The n-Category Café

Obstructions to n-Bundle Lifts Part II: The BIG Diagram

Posted by Urs Schreiber

In Obstructions for $n$-Bundle Lifts and Obstructions, Tangent Categories and Lie $N$-tegration I mentioned some aspects of how to use the differential version of $n$-transport in terms of “$n$-Cartan”-connections (described first here and now with more details in the section String- and Chern-Simons $n$-transport in the slide show of the same name) together with the usage of weak cokernels (see also this) gives a direct way to demonstrate that rationally (i.e. at the level of deRham cohomology, refining this to integral classes will take more work) the obstruction to lifting a $G$-bundle through a String-like extension

$$0 \to \Sigma^{n-1}u(1) \to g_\mu \to g \to 0$$

of the Lie algebra $g = \mathrm{Lie}(G)$ to the Baez-Crans type Lie $n$-algebra $g_\mu$ coming from a Lie algebra $(n+1)$-cocylce is given (rationally) by the characteristic deRham class of the $G$-bundle with respect to the invariant polynomial $k$ corresponding to $\mu$.
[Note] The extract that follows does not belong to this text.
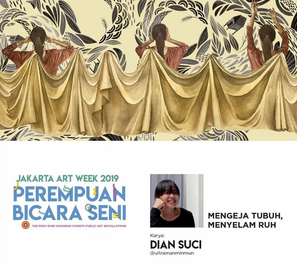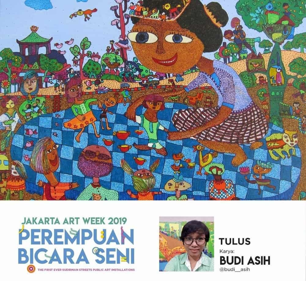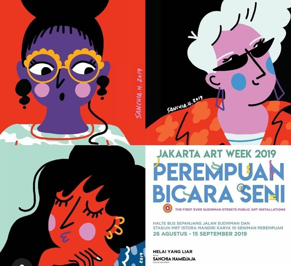 Akhir bulan Agustus kemarin, Jakarta Art Week 2019 resmi digelar untuk umum oleh Gubernur DKI Jakarta, Anies Baswedan. Acara ini sendiri merupakan pekan perayaan seni rupa di kota Jakarta yang diinisiasi oleh MRA Media, dan didukung oleh Pemprov DKI Jakarta, Enjoy Jakarta, MRT Jakarta, Trans Jakarta serta Dove Indonesia. Diadakan pada 26 Agustus sampai 15 September 2019 nanti, Jakarta Art Week 2019 mengajak masyarakat Jakarta - khususnya para pejalan kaki - untuk bisa menikmati karya seni di sepanjang jalan Sudirman. Di tahun pertama penyelenggaraannya ini, pagelaran ini menampilkan 10 karya seniman perempuan di 21 titik halte sepanjang jalan Sudirman dengan tema Perempuan Bicara Seni.

So for $g_\mu$ the String Lie 2-algebra this says that the obstruction of lifting a Spin-bundle to a String-bundle is given by the Pontryagin class of that bundle. (But this argument cannot distinguish, at the moment, the torsion components and hence does not see the distinction between the Pontryagin class $p_1$ of the underlying $SO(n)$-bundle and the true class $\frac{1}{2}p_1$ of the $\mathrm{Spin}(n)$-bundle.)

While the essential diagram can be seen in section String and Chern-Simons $n$-Transport, subsection Obstructing $n$-bundles: differential picture, I had mentioned a big hand-drawn diagram which also contains all the details for how to exactly evaluate all the arrows as morphisms of the Koszul-dual quasi-free differential algebras.

This here is to provide this big diagram, in case anyone is interested.

Diagram illustrating String-like lifts and their Chern-Simons-like obstructions (beware: 6 MB)

This was drawn while I visited Hisham Sati in Yale. With Danny we are working on a generalization of this statement, which however I am not allowed to mention in public for the moment.

Recall that the main idea is this:

Given a principal $n$-transport for the $n$-group $B$ and/or the corresponding $n$-Cartan connection for the corresponding Lie $n$-algebra, and given a sequence

$$K \to G \stackrel{t}{\to} B$$

of Lie $n$-groups and/or Lie $n$-algebras, we ask whether and when we may lift the transport with values in $B$ to a transport with values in $G$.

To determine this, we compute the postcomposition of the $n$-transport with the cokernel of $t$. The nontriviality of this should be the obstruction to the lift.

Since we are dealing with higher stuff, we want to be sophisticated about this cokernel.

The idea is to first form the mapping cone $(K \to G)$, use that this is equivalent to $B$, and then compute the cokernel of the inclusion $G \hookrightarrow (K \to G)$.

At least for the case at hand, String-like extensions, that’s tractable and leads to the described result.